* [What you will do] Transcribe all the lines below exactly. Omit the pictures.

* [Collected data]
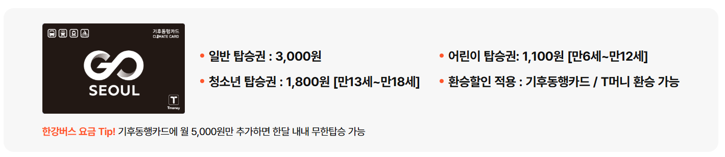 | 교통카드 및 할인 | 대중교통 환승 할인 가능. ‘기후동행카드’ 등 특정 카드로 무제한 이용 또는 할인 혜택 제공됨. |
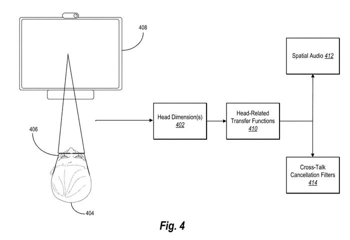 空间音频扩展系统106利用头部尺寸402来确定可穿戴音频设备406的用户404的与头相关传递函数410,并利用头相关传递函数410来生成空间音频412以呈现给用户404。
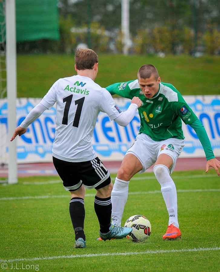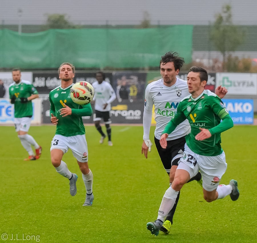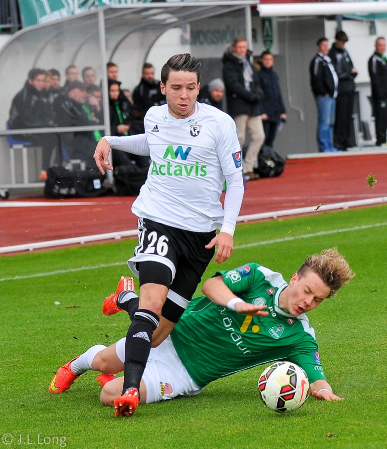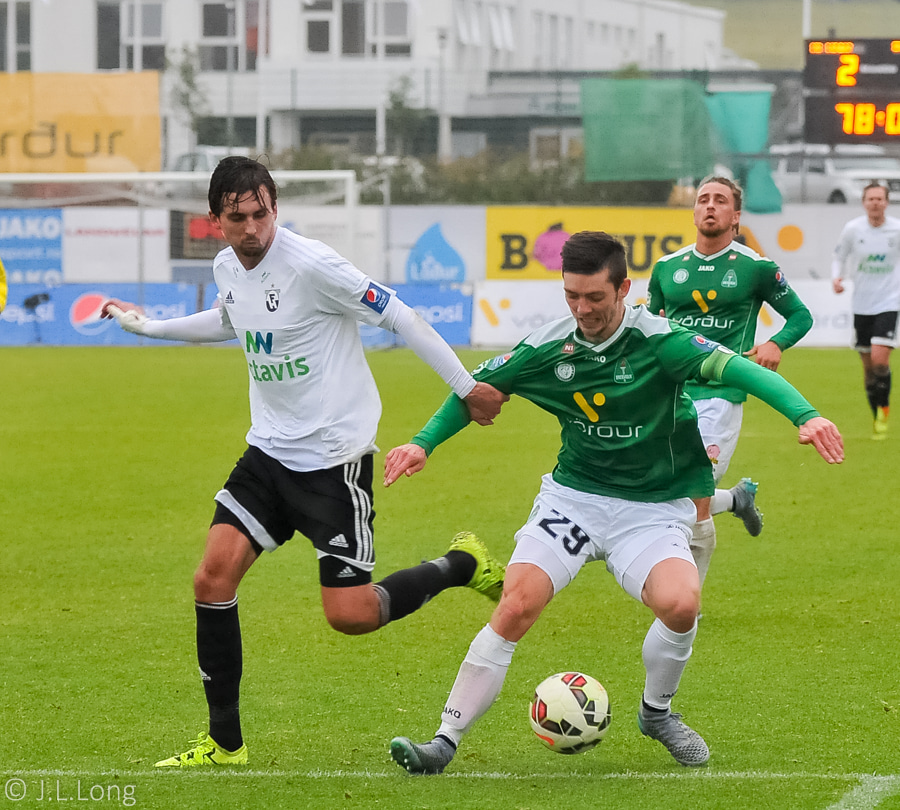 Kristinn búinn að komast á bakvið Hendrickx hér í tvígang en sendingarnar misheppnaðar.

* [Task answer]
 | 교통카드 및 할인 | 대중교통 환승 할인 가능. ‘기후동행카드’ 등 특정 카드로 무제한 이용 또는 할인 혜택 제공됨. |
 空间音频扩展系统106利用头部尺寸402来确定可穿戴音频设备406的用户404的与头相关传递函数410,并利用头相关传递函数410来生成空间音频412以呈现给用户404。
 Kristinn búinn að komast á bakvið Hendrickx hér í tvígang en sendingarnar misheppnaðar.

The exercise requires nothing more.